Next, we remove stop words (just the default set, to remove “on” and “and”).
Next, we stem words to a similar base word. In this case, I am going to leave stemming out, as the medium words are mostly technical materials.
Next, we form ngram combinations back. In this case, “acrylic paint paper” results in features for acrylic, paint, paper, acrylic paint, paint paper, acrylic paper, and arylic paint paper.
It wouldn’t be practical to keep all the tokens from this whole dataset in our model, so we can filter down to only keep, in this case, the top 700 most-used tokens (after removing stop words).
We need to decide on some kind of weighting for these tokens next, either something like term frequency or, what we used here, tf-idf.
Next, it’s time to specify our model and put it together with our recipe into a workflow. To use a fast, compact sparse data structure, we will create a hardhat blueprint with composition = "dgCMatrix"
.
sparse_bp <- hardhat::default_recipe_blueprint(composition = "dgCMatrix")
lasso_spec <- linear_reg(penalty = tune(), mixture = 1) %>%
set_engine("glmnet")
art_wf <- workflow() %>%
add_recipe(art_rec, blueprint = sparse_bp) %>%
add_model(lasso_spec)
art_wf
== Workflow ====================================================================
Preprocessor: Recipe
Model: linear_reg()
-- Preprocessor ----------------------------------------------------------------
5 Recipe Steps
* step_tokenize()
* step_stopwords()
* step_ngram()
* step_tokenfilter()
* step_tfidf()
-- Model -----------------------------------------------------------------------
Linear Regression Model Specification (regression)
Main Arguments:
penalty = tune()
mixture = 1
Computational engine: glmnet
The only other piece we need to get ready for model fitting is values for the regularization penalty to try. The default goes down to very tiny penalties and I don’t think we’ll need that, so let’s change the range()
.
lambda_grid <- grid_regular(penalty(range = c(-3, 0)), levels = 20)
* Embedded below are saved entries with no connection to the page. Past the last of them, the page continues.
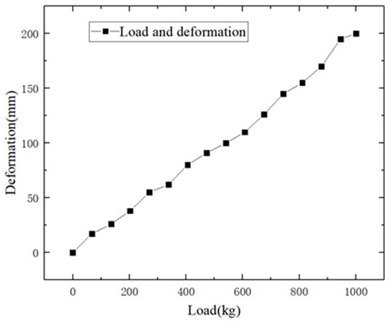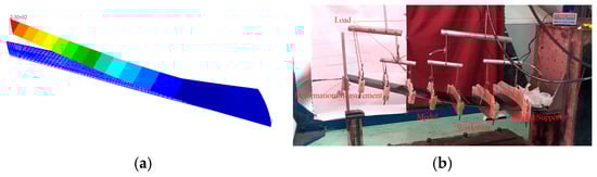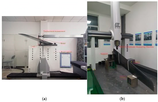 If the nonlinear static aeroelastic properties of the wing geometry are investigated, the model needs to be strong enough. The loads for the strength test of the model are obtained from the fluid–structure coupling calculation, the total load is applied to the test model by adopting the lever principle, and the loads and deformations of the test model are as shown in
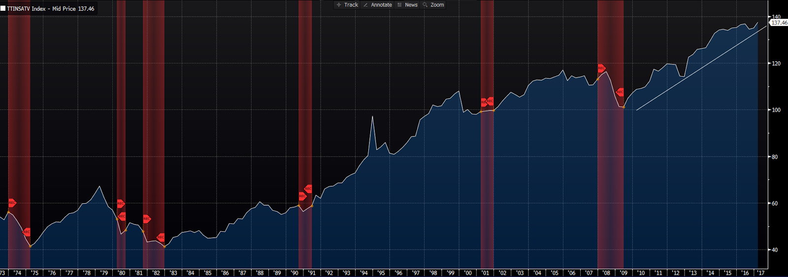 This one’s a little tricky. One might argue that a rising inventory to sales ratio speaks to forward optimism among businesses. However, it can also speak to lower-trending sales. In general, you want to see a low, or descending, ratio. When the economy is growing and spending picks up against low inventories, production has to expand, which creates jobs, improves wages and, thus, increases demand; a virtuous cycle, if you will. The recent downward trend is good news.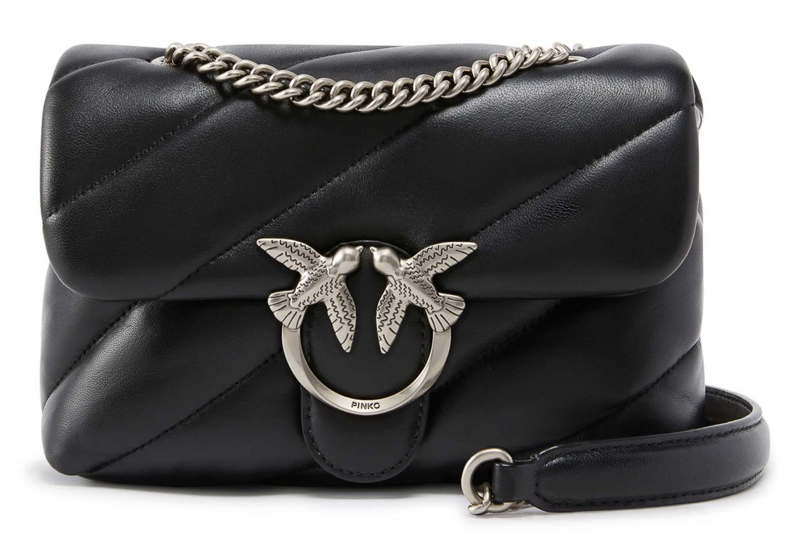 Elegante Umhängetasche von PINKO überzeugt durch sanftes Leder und edle Metall-Akzente. Das Hauptfach bietet genug Platz, um alles zu verwahren, was man im Alltag benötigt. Der Umhängeriemen mit Kettenverzierung verleiht der Tasche zusätzlich Eleganz und ein festliches Aussehen.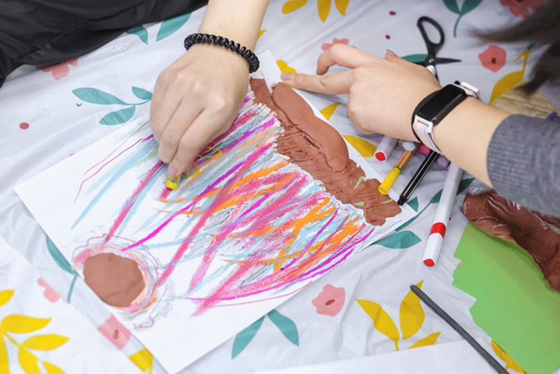 作为“五色慢养”计划的核心实践,系列课程聚焦快节奏生活中的普遍心理需求,联合上海洄澜心理咨询中心,摒弃传统说教,打造了“重体验、强实用”的公益课堂。首场课程以 “斑马为什么不得胃溃疡” 为趣味主题,将动物行为学智慧融入压力管理,帮助参与者建立 “与压力共存” 的科学认知;收官场工作坊则进一步创新,深度融合视觉艺术、即兴戏剧与自我对话三大形式,打造深度探索之旅。活动中,参与者通过盲抽彩虹卡分组破冰,在自由创作环节以各种媒材具象化内心世界,并在同伴的反馈中完成对“未来我”的展望。
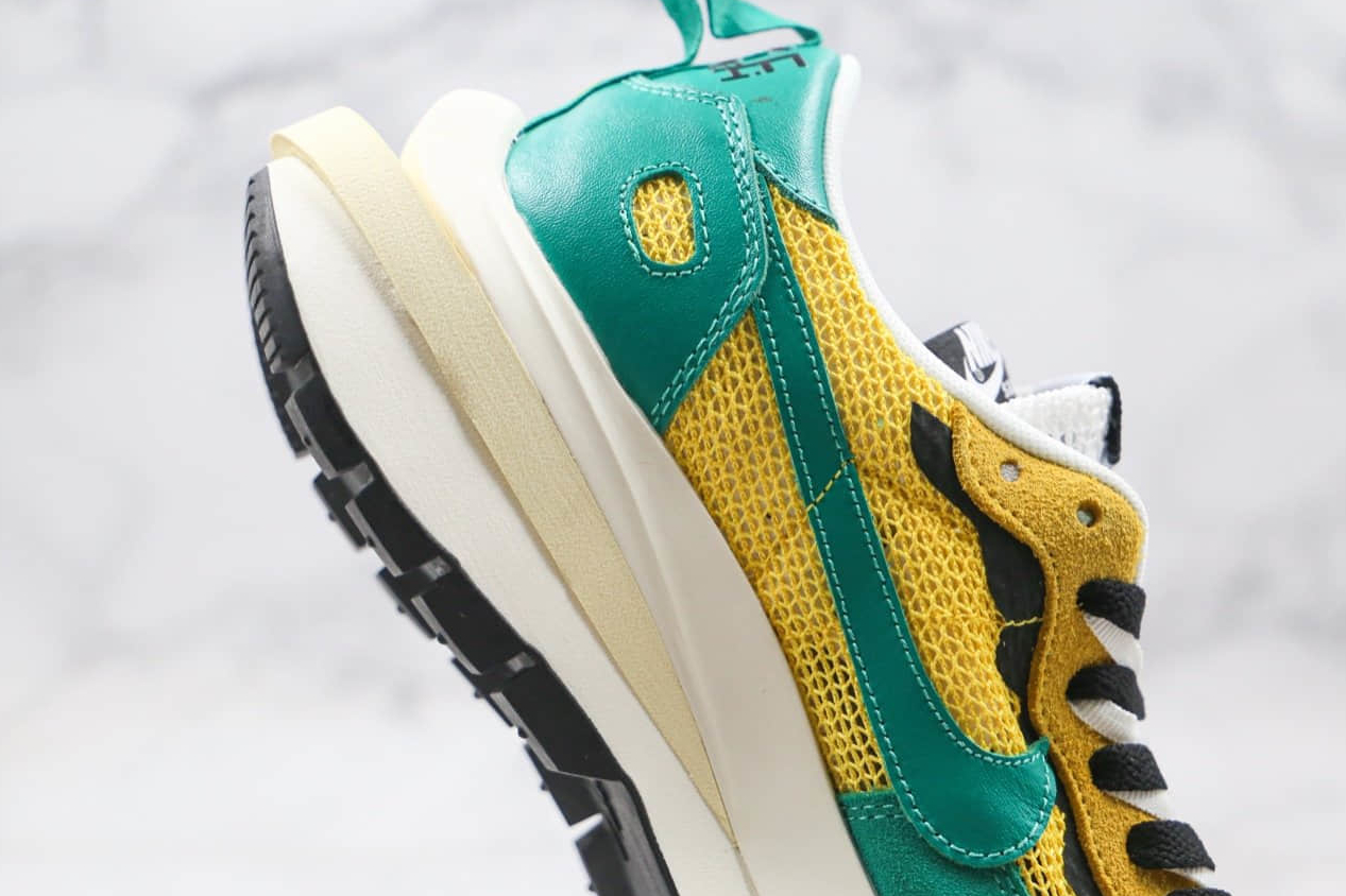 1. Unique Double Design: The Sacai x Nike Pegasus VaporFly SP features a distinct double design, where two sneakers are fused together. This creates a visually striking silhouette that encapsulates the essence of Sacai’s design aesthetic.

Now let’s tune the lasso model on the resampled datasets we created.
all_cores <- parallelly::availableCores(omit = 1)
all_cores
system
11
future::plan("multisession", workers = all_cores) # on Windows
lasso_rs <- tune_grid(
art_wf,
resamples = art_folds,
grid = lambda_grid
)
lasso_rs
That was quite fast, because it’s a linear model and we used the sparse data structure.
Now we can do what we really came here for, which is to talk about how we can evaluate a model like this and see if it was a good idea. How do the results look?
autoplot(lasso_rs)
The best $ R^2 $ is around 0.80, and is a measure of how well the model fits the training data. The best RMSE is around 31.5 or so, and is on the scale of the original outcome, i.e. years. What are some of the best penalty values, in terms of RMSE?
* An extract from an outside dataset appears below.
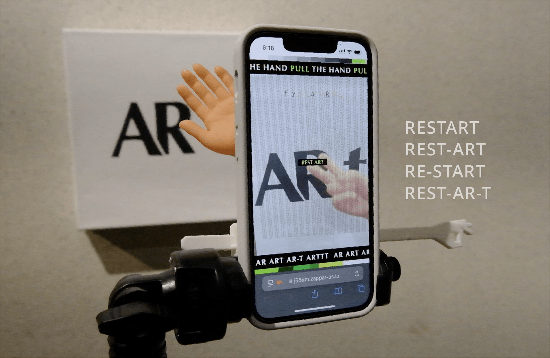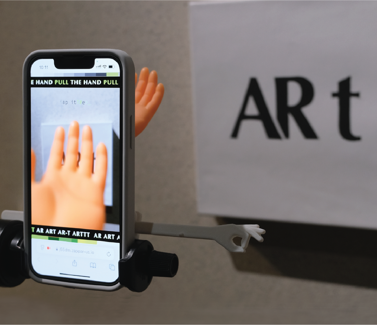 AR t is a poetic augmented reality installation featuring a 3D printed hand shaped video switcher and a self painted ARt canvas. By waving a hand above the device, viewers trigger randomized YouTube search results generated from my freewriting on the word ART.

show_best(lasso_rs, "rmse")
We can select the best penalty, and finalize the workflow with it.
best_rmse <- select_best(lasso_rs, "rmse")
final_lasso <- finalize_workflow(art_wf, best_rmse)
final_lasso
== Workflow ====================================================================
Preprocessor: Recipe
Model: linear_reg()
-- Preprocessor ----------------------------------------------------------------
5 Recipe Steps
* step_tokenize()
* step_stopwords()
* step_ngram()
* step_tokenfilter()
* step_tfidf()
-- Model -----------------------------------------------------------------------
Linear Regression Model Specification (regression)
Main Arguments:
penalty = 0.0379269019073225
mixture = 1
Computational engine: glmnet
The function last_fit()
fits this finalized lasso model one last time to the training data and evaluates one last time on the testing data. The metrics are computed on the testing data.
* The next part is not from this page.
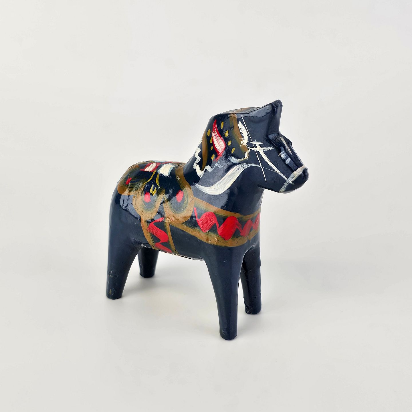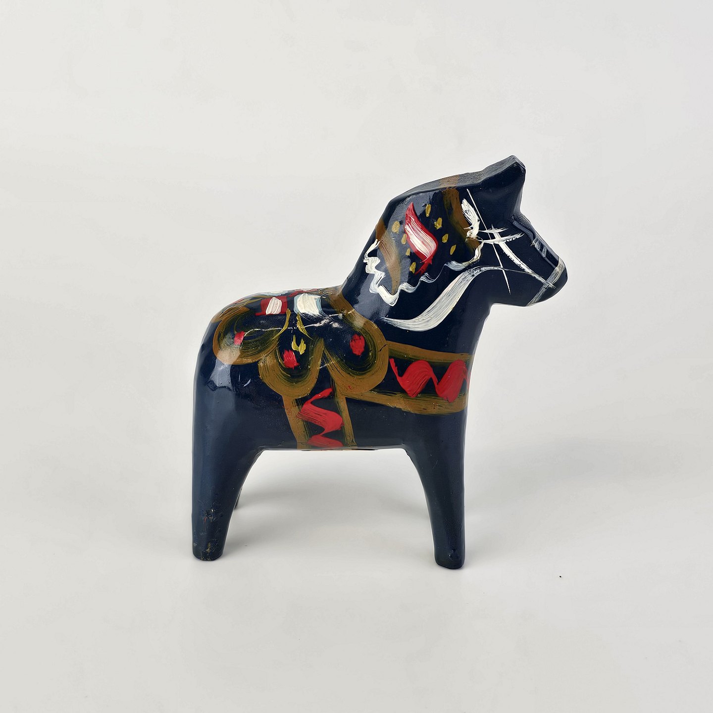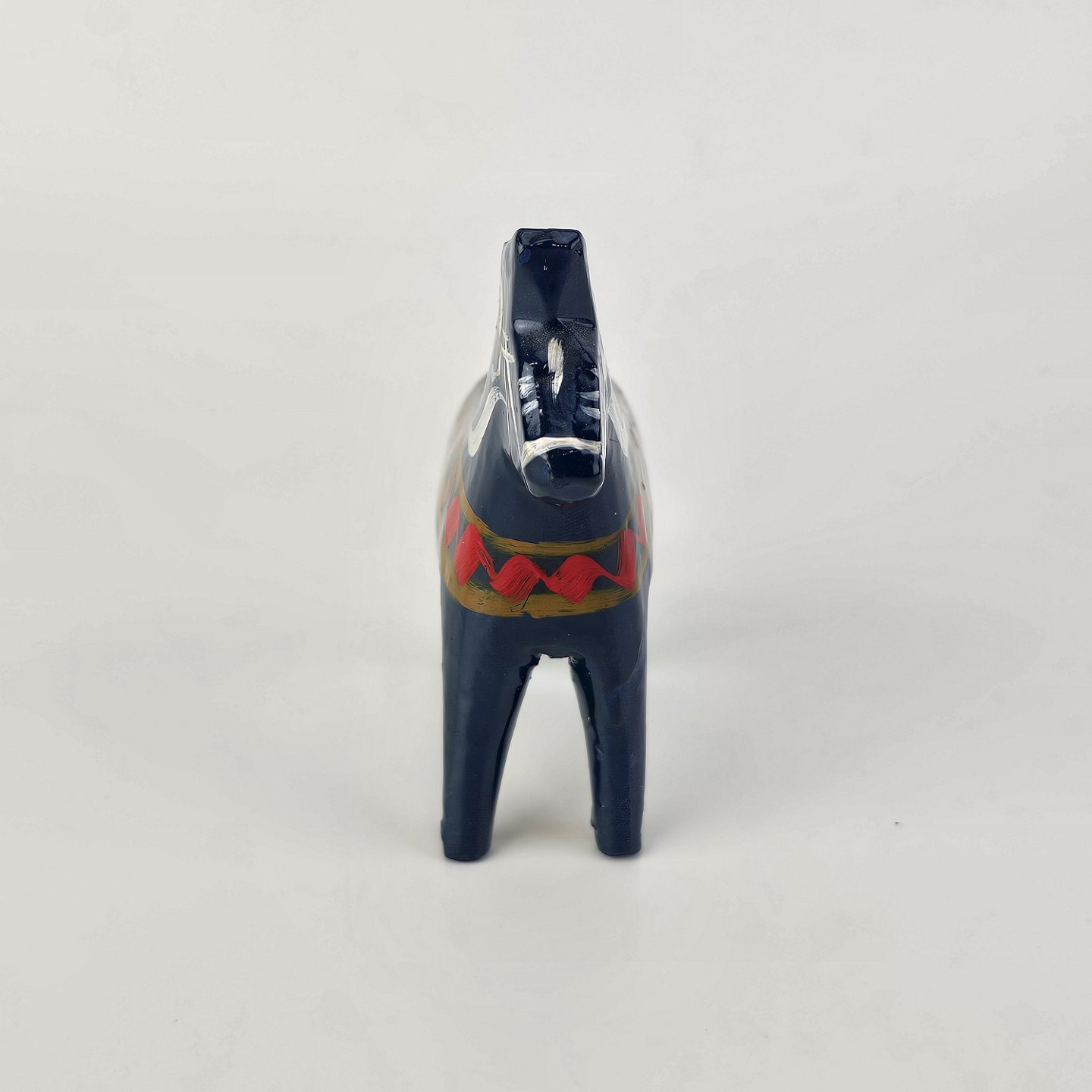 Figur af blå Dalarhest i malet og lakeret træFremstillet i Sverige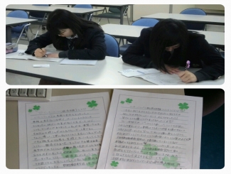 て』と言うと2人は快く書いてくれました!!お題『インターンシップについて』

art_final <- last_fit(final_lasso, art_split)
collect_metrics(art_final)
We can use the fitted workflow in art_final to explore variable importance using the vip package.
art_vip <- pull_workflow_fit(art_final$.workflow[[1]]) %>%
vi()
another visualization, this time of variable importance in ascertaining the year of the artwork:
art_vip %>%
group_by(Sign) %>%
slice_max(abs(Importance), n = 20) %>%
ungroup() %>%
mutate(
Variable = str_remove(Variable, "tfidf_medium_"),
Importance = abs(Importance),
Variable = fct_reorder(Variable, Importance),
Sign = if_else(Sign == "POS", "in later art", "in earlier art")
) %>%
ggplot(aes(Importance, Variable, fill = Sign)) +
geom_col(show.legend = FALSE) +
facet_wrap(~Sign, scales = "free") +
labs(y = NULL)
This tells quite a story about what predictors are most important in pushing the prediction for an observation up or down the most.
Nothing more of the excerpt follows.